From the inside cover:
Eleven-year-old Delphine has it together. Even though her mother, Cecile, abandoned her and her younger sisters, Vonetta and Fern, seven years ago. Even though her father and Big Ma will send them from Brooklyn to Oakland, California, to stay with Cecile for the summer. And even though Delphine will have to take care of her sisters, as usual, and learn the truth about the missing pieces of the past.

When the girls arrive in Oakland in the summer of 1968, Cecile wants nothing to do with them. She makes them eat Chinese takeout dinners, forbids them to enter her kitchen, and never explains the strange visitors with Afros and black berets who knock on her door. Rather than spend time with them, Cecile sends Delphine, Vonetta, and Fern to a summer camp sponsored by a revolutionary group, the Black Panthers, where the girls get a radical new education.

Set during one of the most tumultuous years in recent American history, one crazy summer is the heartbreaking, funny tale of three girls in search of the mother who abandoned them—an unforgettable story told by a distinguished author of books for children and teens, Rita Williams-Garcia.

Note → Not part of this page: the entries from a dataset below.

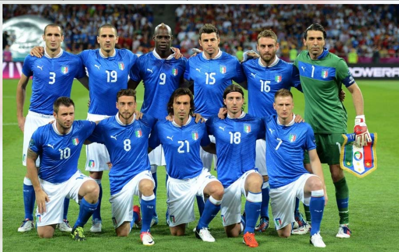
L'Italia finalista nel 2012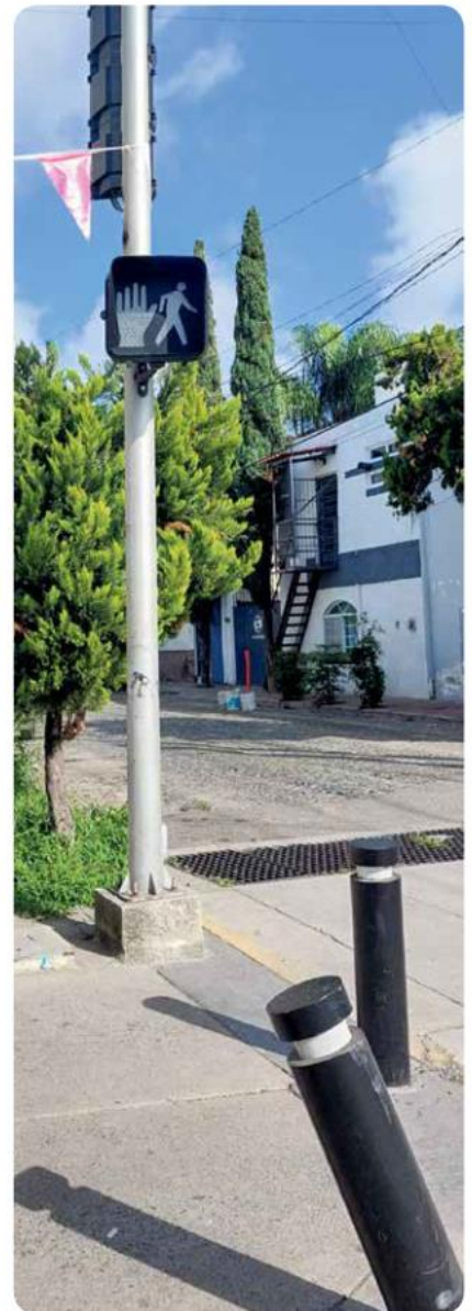
Calle Sexta Sur sobre avenida Base Aérea.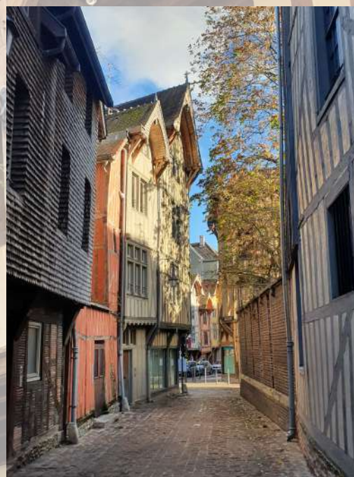
AR - Troyes La Champagne

* Choix donné entre andouillette de Troyes et autre plat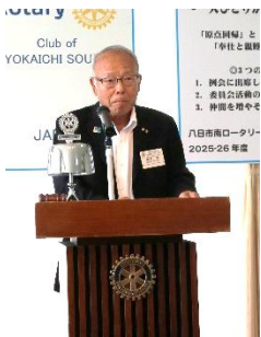
藤野ガバナー補佐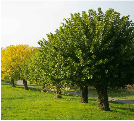
8. Gelso Morus ssp cultivar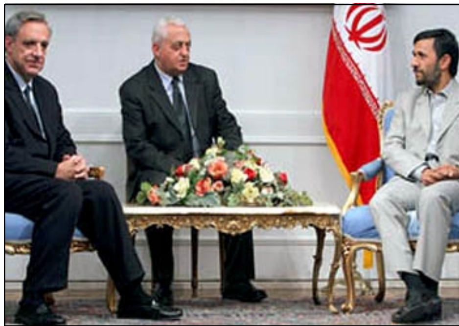
Մահմադ Ահմեդիմեթադ եւ Վարդան Օսկանեան հանդիպում կ'ունենան Թեհրանի մէջ. կեդրոնը նստած է թարգմանիչ

Հայաստանի արտգործնախարար Վարդան Օսկանեանը շաբաթավերջին Թեհրանում հանդիպումներ է ունեցել Իրանի ղեկավարների հետ՝ քննարկելով երկկողմ յարաբերութիւններին, էներգետիկային, տարածաշրջանային անվտանգութեանը վերաբերող խնդիրների լայն շրջանակ: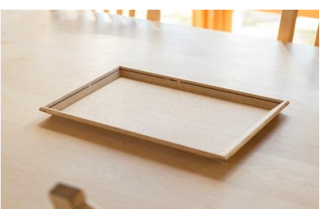
寄付金額 25,000円～ 商品番号 10002501 象嵌トレイ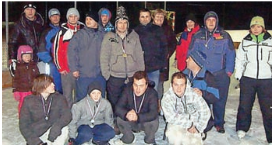
Januarja so pripravili hokejsko tekmo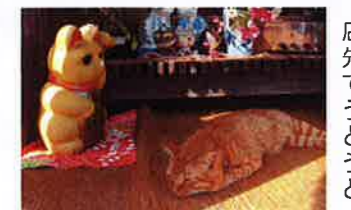
まねき猫うとうと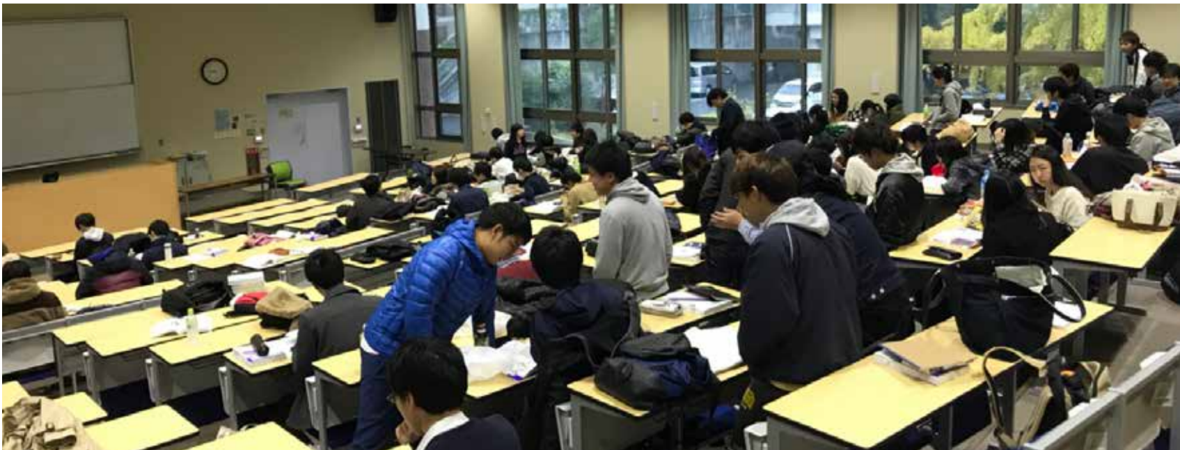
試験当日の待合室の様子

CBTを終えて 11月24日に私たち医学科四年生はCBT試験を受験しました。記事を書いている現在は、11月30日で結果は出ていません。結果が出ていない今、不安でいっぱいですが、振り返っていきいたいと思います。体験談のようなものなので、気楽にお読みください。 まずCBTとは、全国の医学科4年生が受けるプレ国試のようなもので、合格しなければ病院実習を行うことができないというシビアな試験です。 勉強には皆が使う参考書を使いました。参考書は4冊ほどあり、1冊が約600ページあります。5月くらいには参考書を手に入れましたが、見て見ぬふりをし、夏休みを存分に楽しんで、9月末からCBTに向けての勉強を開始しました。周りを見れば、すごく勉強をしている人もいれば、今から始める人もまだ焦る時ではないと達観している人など様々でした。私はまず、10月末にある模擬試験に向けて計画を立てました。試験範囲として比重の重いところは、参考書を2周、その他は1周確認する計画を。しかし、この計画は、1週間で無理だと気付きました。計画を実行するのであれば、寝る時間を究極に削るしかなかったからです。ここから2ヶ月の長丁場で、それは現実的ではないと考え、模擬試験までに、比重の重いところを1周

This book felt a little different to me than most. Everyone who's read it has loved it (and for obvious reasons, it is excellent) but for me it excelled in its characters, not necessarily for the story or plot portrayed.

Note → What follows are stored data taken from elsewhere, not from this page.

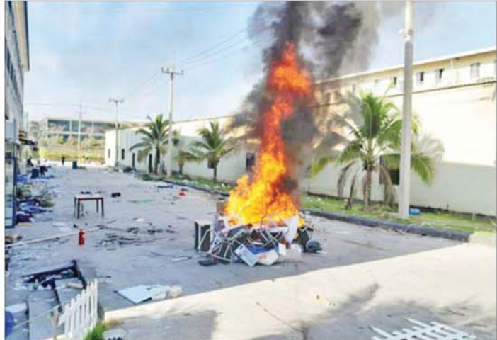
K K Park နယ်မြေအတွင်း အွန်လိုင်းလိမ်လည်လောင်းကစားမှုကျူးလွန်ရာတွင် အသုံးပြုသည့် ပစ္စည်းများအား မီးရှို့ဖျက်ဆီးထားရှိမှုကို တွေ့ရစဉ်။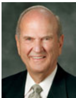
Vârstnicul Russell M. Nelson, din Cvorumul celor Doisprezece Apostoli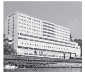
国際医療福祉大学熱海病院 静岡県熱海市／病床数: 269床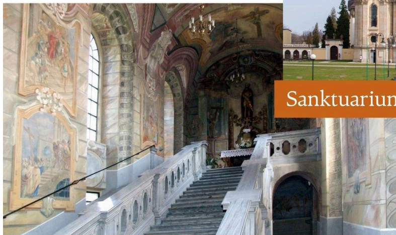
Sanktuarium Świętych Schodów w Sońnicy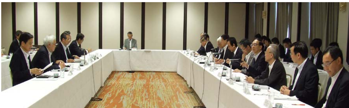
総務省・メーカー社長懇談会の様子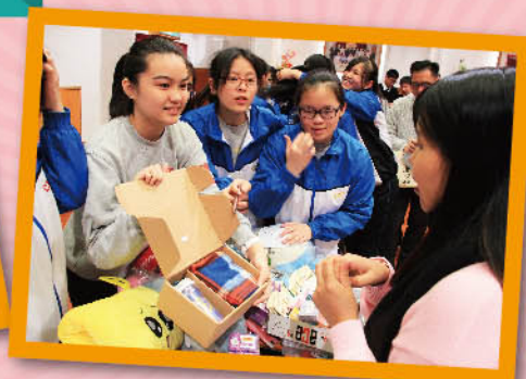
A tempting bargain!

Delphine is 11, and is in charge of taking care of her sisters Vonetta (9) and Fern (7) while they are shipped off from Brooklyn to Oakland, California for one month during the summer of 1968 to meet their mother for the first time since she abandoned them seven years ago. The sisters have never really known their mother, so of course they have fabricated ideas of their mother in their head in spite of their father and grandmother's remarks. The girls aren't completely naive, the girls know they were abandoned and Delphine doesn't sugar coat it, they have a mother who gave birth to them, they don't have a mommy that takes care of them. Once they get to Oakland and actually meet Cecile, who also goes by her poet name Nzila, they realize she still isn't the mother they imagined. She's involved with the Black Panthers and cares more about her poetry than taking care of the girls, she would barely feed them if Delphine didn't insist that she do so (even though it's take out food all the time). During the day, she sends the girls to a breakfast program and summer camp run by the Black Panthers, and lets the girls fend for themselves during the weekends. It isn't until the end of the book where Cecile gets some redeeming moments, not to the point where she's anything other than a horrible mother, but more to the point where the girls realize she is what she is and she's not a horribly evil person, just that she wasn't cut out to be a parent.

Delphine makes this book, she's only 11 years old and is remarkably precocious and well-spoken for her age. She's street-smart to a certain extent (she lives in Brooklyn), but the racial climate of Oakland and the Black Panthers throws her for a loop at first because she hasn't experienced racism to that particular degree. Delphine's narration is wonderful, you get to know herself as a character, as well as her sisters, her mother, and the political climate of Oakland in a mature, but still childlike point of view. Every chapter focuses on one particular idea or plot point or character, and everything weaves together as you go along. I liked the focus on names and naming, 'cause I'm big on that myself, and it was interesting why Cecile chose the names she did for the girls, including what she chose for her alias for her poetry as well.

The ending kind of threw me for a loop, it didn't seem realistic and was rushed, but all in all, this was a really engaging story, purely because the characters were so wonderful.

Excellent novel, I can see why it was a Newbery Honor Book.

Thoughts on the cover:
I love it, it's quirky like the girls' summer, but still shows their personalities. I like that you can see the Chinatown motifs and the teal font used for the title, plus Vonetta's pose behind Fern is so like her character it's funny.